What This Means for Your Operation
You don’t control base changes or formula tweaks. You do control how much risk you take, which studs you trust, and how you weight solids, fertility, and efficiency when you pick bulls.
- Audit your reliability stack within 30 days. Print your current sire list and match it against the December 2025 U.S. CDCB/HAUSA proofs. Any bull under 70% reliability on TPI? Treat him as a genomic young sire in practice, even if he technically has some daughters. Any bull above 90% reliability with daughters across multiple herds is your stability layer — the Captain/Gameday-type bulls that absorb shocks when formulas move. Any sire list where three young bulls cover more than half your matings should be a red flag, given the 59% attrition this class showed.
- Balance proven vs. genomic on purpose, not by accident. For a commercial Holstein herd, a pragmatic split looks like 50–70% of matings on a small group of high-reliability proven sires whose daughters do exactly what the current TPI and milk cheque care about — solids, fertility, efficiency — and 30–50% of matings on genomic sires spread across at least 4–6 different lines.
- Run a type-fragility check before you chase the next PTAT rocket. The bulls that crashed hardest here — Homecoming, Supercharge, Shine — weren’t derailed by milk. They were derailed by over-predicted type and weak functional traits, especially once base and formula changes hit. Before you lean into the next big PTAT bull, look at his sire and MGS proof history and his health/fertility stack. If the pedigree is all type and no ballast, keep that semen for donors and show projects — not across the whole freestall herd.
- Respect daughter and herd counts as filters, not fine print. A bull with 300 daughters in 20 herds is still on trial. A bull with thousands of daughters in hundreds of herds is telling you who he really is, for better or worse. Make that filter part of your mating program, not a footnote you glance at after you’ve picked the bull.
- Align with solids and efficiency economics. U.S. component pricing and export data are pointing the same direction: fat and protein drive the cheque, and global demand is solids-hungry. Pick sires that put more fat and protein in the tank at realistic feed costs — the new FE$ and Net Merit formulas are already paying those cows differently. For the economics that now reward solids and efficiency over sheer volume, see our analysis of the $1.6B dairy shift.

Key Takeaways
- If you build your sire list only from the very top of a genomic ranking, you’re accepting that roughly 6 out of 10 “elite” bulls may never even see a daughter-proven proof; to manage that risk, blend proven stability with genomic upside.
- If you see a bull drop 100–150 TPI points between 2020 and 2025, don’t panic; check how much of that is base change and formula moves versus real trait erosion before you write him off.
- If a high-PTAT young sire’s pedigree leans hard on Legacy/Heroic/Delta lines and doesn’t bring matching health and fertility, treat him as a specialist tool for donors and show cows — not as a herd-wide solution.

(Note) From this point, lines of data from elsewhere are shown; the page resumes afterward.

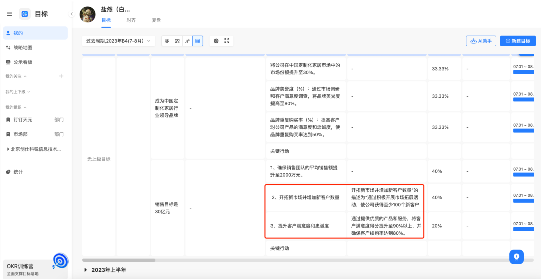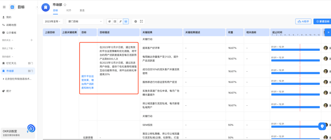 例如:市场部的“提升用户活跃率”,指的是在2023年12月31日前,通过有效的平台运营策略和优化措施,将平台的用户活跃度提高至每日活跃用户达到6000人次,在2023年12月31日前,通过改进用户体验、提供个性化推荐和增强互动功能等手段,将平台的转化率提高20%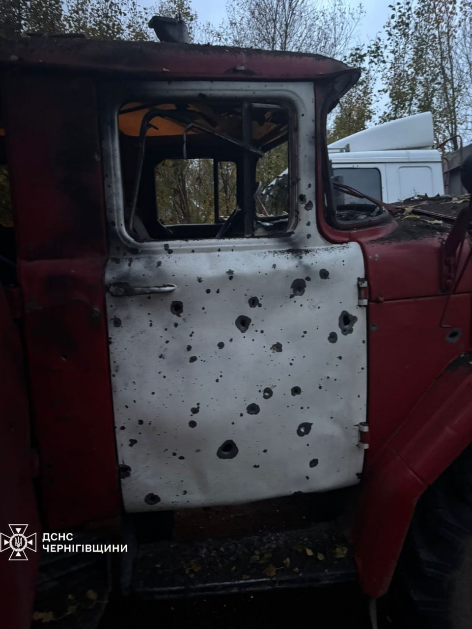 Обстріл рятувальників під час ліквідації наслідків попередньої атаки на Семенівську громаду Чернігівщини пошкодив пожежний автомобіль, але, на щастя, обійшлося без постраждалих.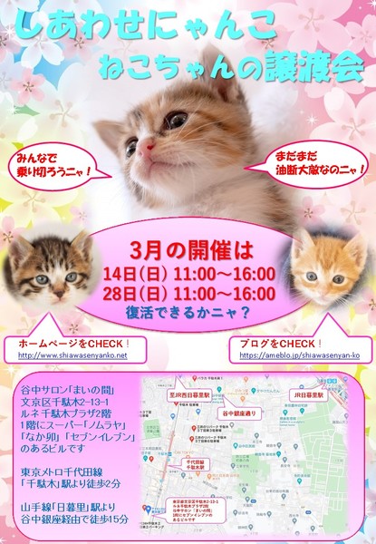 | イベント内容 | 「しあわせにゃんこ」は行き場のない猫ちゃんと里親様との出会いの場を提供するグループです♪ 子猫も成猫もハンデのある猫もみんな新しい家族を待っています♪ みなさまのご来場を保護主、スタッフ一同心よりお待ちしております♪ 感染者数減少を条件に開催の予定です! 寒い冬こそあったかにゃんこが必須ですよ(笑) まだまだご縁を待ってるにゃんこ達が沢山います♪ 開催にあたりソーシャルディスタンスを守る為、各種制限等を設けております。 ※詳しくはホームページ譲渡会情報をご確認願います。 http://www.shiawasenyanko.net/jyoutokai.html 猫好きの聖地「谷根千」にて皆様のご来場をお待ちしております♪ ◆開催日/開催時間◆ 2021年3月14日(日) 11:00~16:00 ご希望の猫ちゃんがいらっしゃる場合は11時30分までに受付をお願い致します。 複数のお申し込みがある場合は11時30分で受付を終了させて頂く場合がございます。 受付をされた全ての里親様とお見合いをさせて頂きます。 ※先着順ではございません。 ※当日、猫ちゃんを連れて帰ることは出来ません。 後日調整のうえ保護主が里親様宅へお届けいたします。 ◆会場◆ 東京都文京区千駄木2-13-1 ルネ千駄木プラザ2階 谷中サロン「まいの間」 ※詳しいアクセスはホームページ案内図をご覧下さい http://www.shiawasenyanko.net/mapmainoma.pdf 谷中サロン「まいの間」の情報はこちら http://neko-to-kyo.com/#maima ◆交通手段◆ 東京メトロ千代田線「千駄木」駅より徒歩2分 JR山手線「西日暮里」駅より徒歩12分 JR山手線「日暮里」駅より谷中銀座経由で徒歩15分 ※お車でご来場の際、駐車場のご用意はございません。 近隣のコインパーキング等をご利用ください。※近隣に沢山あります。 いつ里の掲載参加猫一覧はこちらから https://satoya-boshu.net/mypage/foster_list.php?@ps@=none アメーバブログの里親募集にゃんこはこちら https://ameblo.jp/shiawasenyan-ko/theme-10092719565.html ◆猫ちゃんとのお見合い◆ 掲載している猫ちゃんは基本的に譲渡会場でのお見合いのみとなります。 譲渡会への参加が決定している猫ちゃんはその譲渡会で里親様が決定しなかった場合のみ保護主宅でのお見合いが可能となります。 自宅お見合いを希望される里親様はメール(info@shiawasenyanko.net)にてご相談ください。 ◆当譲渡会では猫ちゃんと里親様のスキンシップを大切にしています◆ 新しい家族として20年以上いっしょに暮らしていく猫ちゃんです。 譲渡会場でたくさんの猫ちゃんと触れ合って良きパートナーを見つけてください。 はじめて猫ちゃんを迎える不安や先住猫ちゃんとのトライアルの注意点、猫ちゃんと里親様の暮らし方など気軽にご相談ください。 経験豊富な保護主や猫大好きスタッフがアドバイスさせていただきます。 ◆子猫ご希望の里親様◆ 子猫は急な下痢や発熱等により体調が急変し、数時間対応ができなかっただけでも命を落とす事があります。 その為、当譲渡会では月齢によりお留守番のない又は少ないご家庭への譲渡に限らせて頂いております。 また里親様と子猫ちゃんが安心してトライアル期間を過ごせるよう体重が1㎏程になってからのお届けとさせて頂いております。 ◆里親希望のみなさまへ◆ ご家族の皆様で生涯、家族の一員としてたっぷり愛情を注いでくださるご家庭をお待ちしております。 下記に該当する希望者様へ ・独身、単身者の方 ・友人同士、同棲でのお住まいの方 ・高齢者のみのご家庭の方 は、ご相談の上、譲渡を判断させて頂きます ・適正飼育の不可能な方 ・脱走防止対策にご協力頂けない方 ・定期報告の不可能な方 は、ご遠慮下さいますようお願い致します ◆ご負担頂く費用について◆ 譲渡の際に譲渡負担金(医療費の一部、譲渡金、お届け時の交通費)を里親様にご負担頂く事により 過酷な状況にいる猫ちゃんを保護し新しいご家族の元へ送り出す事ができています。 皆様のご理解とご協力にボランティア一同、心より感謝しております。 ご負担頂く医療費につきましてはホームページに詳しく記載させて頂いております。 http://www.shiawasenyanko.net/onegai.html しあわせにゃんこホームページ http://www.shiawasenyanko.net メールでのお問い合わせ info@shiawasenyanko.net |

- If you’re choosing between two bulls available at the same time, and one puts an extra 90–100 lb of combined fat and protein into each daughter’s tank at current component prices, assume that’s worth several hundred dollars per cow per year and make your semen budget reflect it.
The Bottom Line
Genomics is still the sharpest tool in the shed. But if you love speed and are willing to absorb some crashes, you’ll keep leaning into young sires. If you’d rather sleep at night, let bulls like Captain and Parfect carry most of the weight while genomics scouts the next generation. The difference between a well-diversified strategy and a concentrated one is the difference between Captain and Supercharge.
Pull up your semen invoices from 2020–2021 and your December 2025 proof file. How many of those bulls are still earning their keep under today’s rules — and how many were gone before their daughters hit a parlor?